• THE PROBLEM: Return the whole listing exactly, omitting the pictures.

• STORED DATA:
:::::

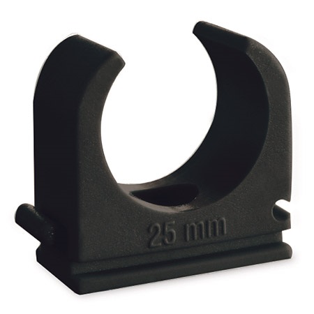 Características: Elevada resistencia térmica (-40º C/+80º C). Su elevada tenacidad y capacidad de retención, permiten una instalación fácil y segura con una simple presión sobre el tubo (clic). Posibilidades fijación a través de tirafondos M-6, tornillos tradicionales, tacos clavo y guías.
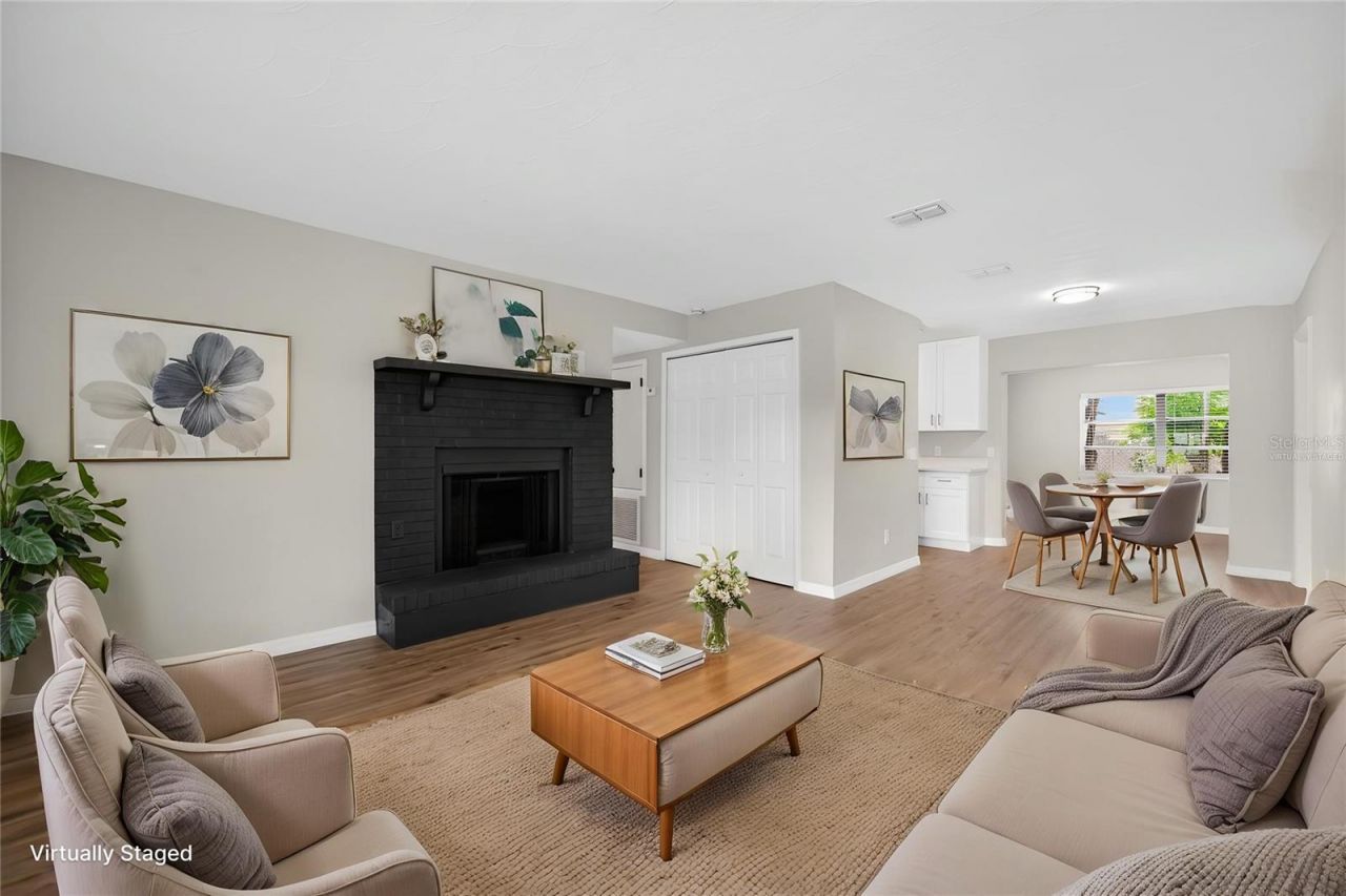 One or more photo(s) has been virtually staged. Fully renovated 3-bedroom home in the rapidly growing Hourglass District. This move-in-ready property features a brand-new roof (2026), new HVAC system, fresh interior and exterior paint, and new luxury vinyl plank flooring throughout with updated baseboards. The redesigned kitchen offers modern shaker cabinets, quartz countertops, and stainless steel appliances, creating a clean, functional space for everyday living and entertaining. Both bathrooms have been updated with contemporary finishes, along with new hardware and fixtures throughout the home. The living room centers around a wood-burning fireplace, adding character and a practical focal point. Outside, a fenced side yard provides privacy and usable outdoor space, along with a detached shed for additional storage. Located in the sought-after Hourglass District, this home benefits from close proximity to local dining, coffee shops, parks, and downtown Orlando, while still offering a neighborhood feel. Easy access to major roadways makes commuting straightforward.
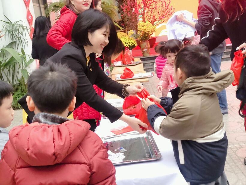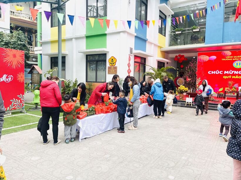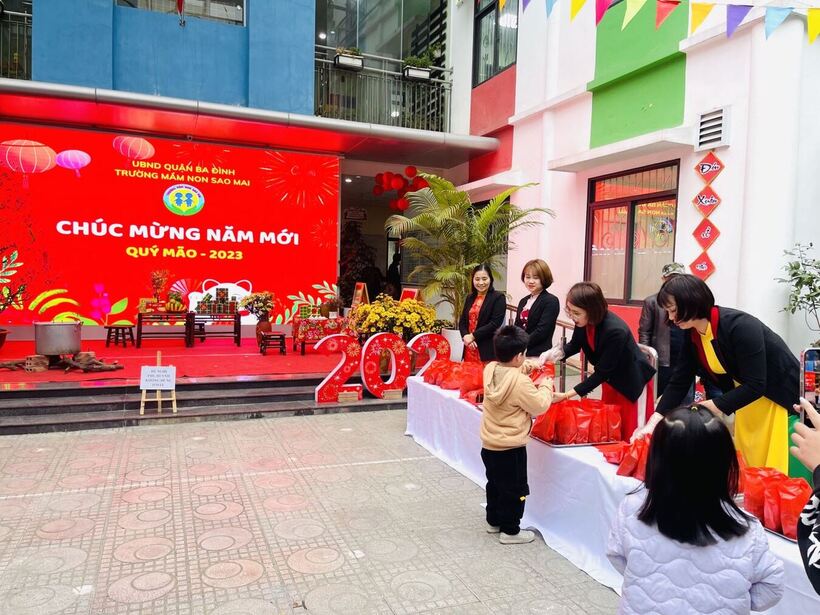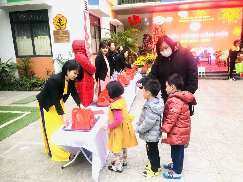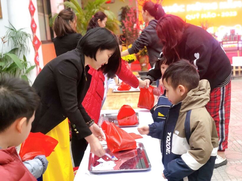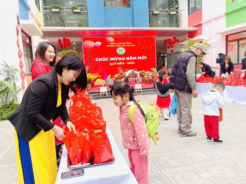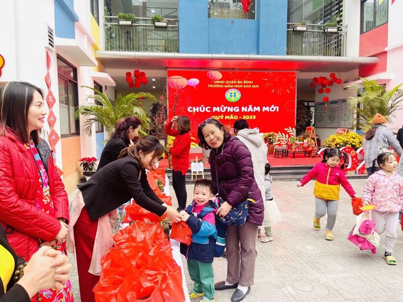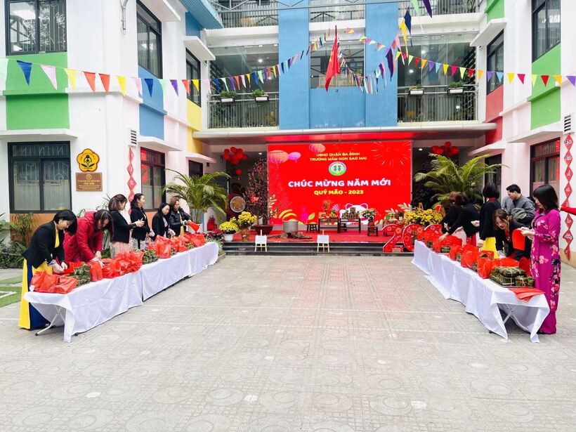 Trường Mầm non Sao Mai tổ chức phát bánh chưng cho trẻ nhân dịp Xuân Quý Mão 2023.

:::::

• OUTPUT BELOW:
 Características: Elevada resistencia térmica (-40º C/+80º C). Su elevada tenacidad y capacidad de retención, permiten una instalación fácil y segura con una simple presión sobre el tubo (clic). Posibilidades fijación a través de tirafondos M-6, tornillos tradicionales, tacos clavo y guías.
 One or more photo(s) has been virtually staged. Fully renovated 3-bedroom home in the rapidly growing Hourglass District. This move-in-ready property features a brand-new roof (2026), new HVAC system, fresh interior and exterior paint, and new luxury vinyl plank flooring throughout with updated baseboards. The redesigned kitchen offers modern shaker cabinets, quartz countertops, and stainless steel appliances, creating a clean, functional space for everyday living and entertaining. Both bathrooms have been updated with contemporary finishes, along with new hardware and fixtures throughout the home. The living room centers around a wood-burning fireplace, adding character and a practical focal point. Outside, a fenced side yard provides privacy and usable outdoor space, along with a detached shed for additional storage. Located in the sought-after Hourglass District, this home benefits from close proximity to local dining, coffee shops, parks, and downtown Orlando, while still offering a neighborhood feel. Easy access to major roadways makes commuting straightforward.
 Trường Mầm non Sao Mai tổ chức phát bánh chưng cho trẻ nhân dịp Xuân Quý Mão 2023.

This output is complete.